The (•)OH radical yield in the H2O2 + O3 (peroxone) reaction.

The peroxone process is one of the AOPs that lead to (•)OH. Hitherto, it has been generally assumed that the (•)OH yield is unity with respect to O3 consumption. Here, experimental data are presented that suggest that it must be near 0.5. The first evidence is derived from competition experiments.
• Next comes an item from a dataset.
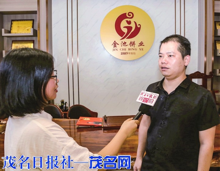 金池饼业有限公司董事长吴志杰接受记者采访。

The consumption of 4-chlorobenzoic acid (4-CBA), 4-nitrobenzoic acid (4-NBA) and atrazine present in trace amounts (1 μM) has been followed as a function of the O3 concentration in a solution containing H2O2 (1 mM) and tertiary butanol (tBuOH, 0.5 mM) in excess over the trace compounds. With authentic (•)OH generated by γ-radiolysis such a competition can be adequately fitted by known (•)OH rate constants. Fitting the peroxone data, however, the consumption of the trace indicators can only be rationalized if the (•)OH yield is near 0.5 (4-CBA: 0.56, 4-NBA: 0.49, atrazine: 0.6). Additional information for an (•)OH yield much below unity has been obtained by a product analysis of the reactions of tBuOH with (•)OH and dimethyl sulfoxide with (•)OH. The mechanistic interpretation for the low (•)OH yield is as follows (Merényi et al. Environ. Sci. Technol. 2010, 44, 3505-3507). In the reaction of O3 with HO2(-) an adduct (HO5(-)) is formed that decomposes into O3(•-) and HO2(•) in competition with 2 O2 + OH(-). The latter process reduces the free-radical yield.